No, you’re not in a time warp. Moneytree is indeed a PFM solution. It relies on machine learning and peer data to customize the experience for users. The company’s CEO, Paul Chapman, argues that there is still room for PFM in the world because the best PFM product for mobile has yet to be delivered.
Moneytree seeks differentiation in an overcrowded and very tired space by integrating concepts from the quantified self movement and “radically simplify[ing]” the user’s relationship to money, according to Chapman.
Budgets, which are a particularly unloved aspect of PFM, are wisely de-emphasized in Moneytree. The app will focus on three things in its US launch, Chapman says: “cash flow, debt management and retirement savings.”

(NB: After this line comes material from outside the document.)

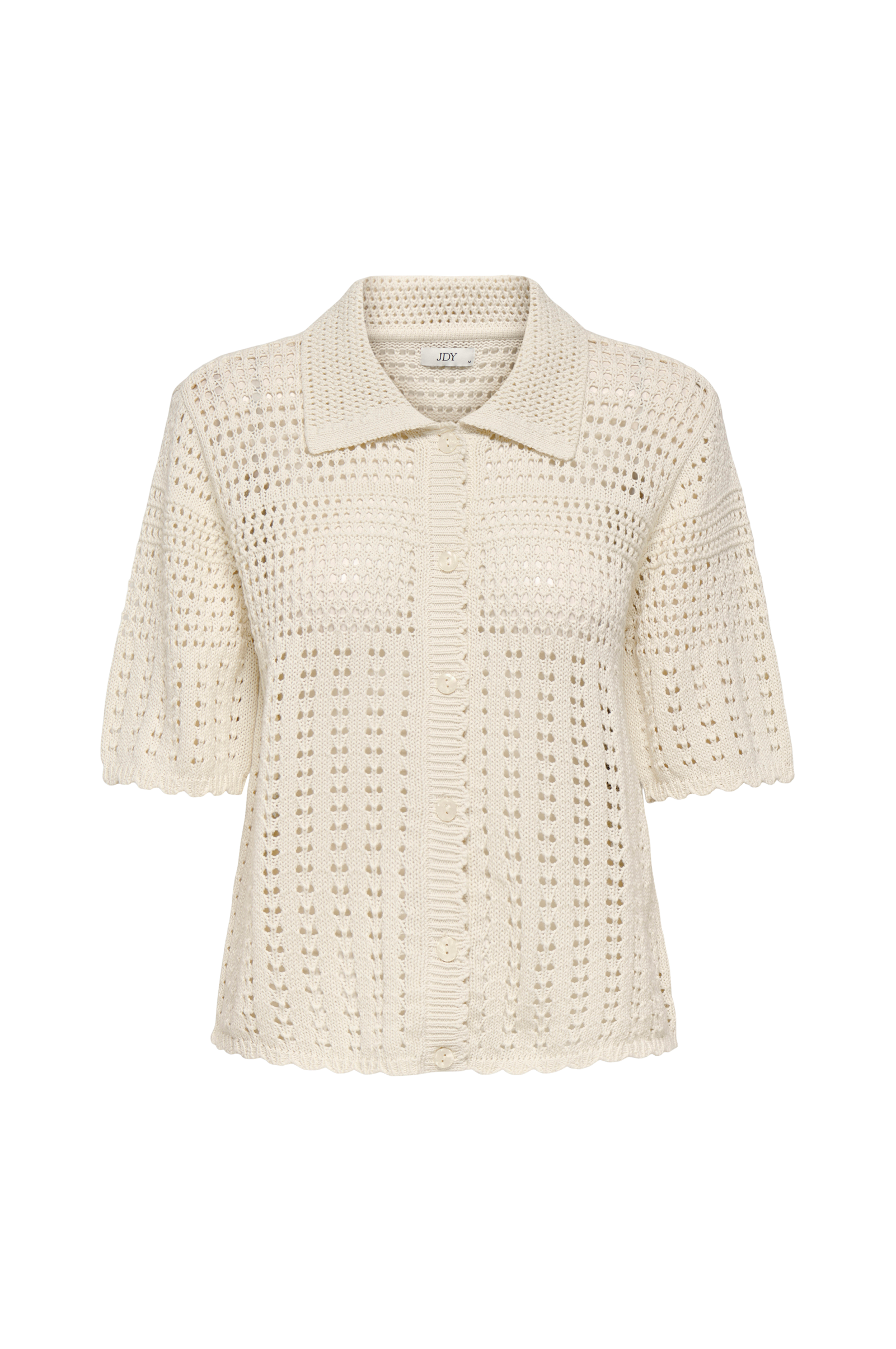 • Hullstrikket kardigan med krage• Korte ermer• Knappelukking

A PFM that is looking to be mobile-first is presumably targeting a younger demographic, to whom “retirement savings” can sound a lot like “purple unicorns.” There is also some possibility of brand confusion with the US payday lender also called Moneytree. But the Japanese Moneytree has some time and money to figure these issues out.
The app has been downloaded over 200,000 times and has aggregated data from over 15 million transactions, according to TechCrunch. It launched in 2013. The service is presently only available in Japan.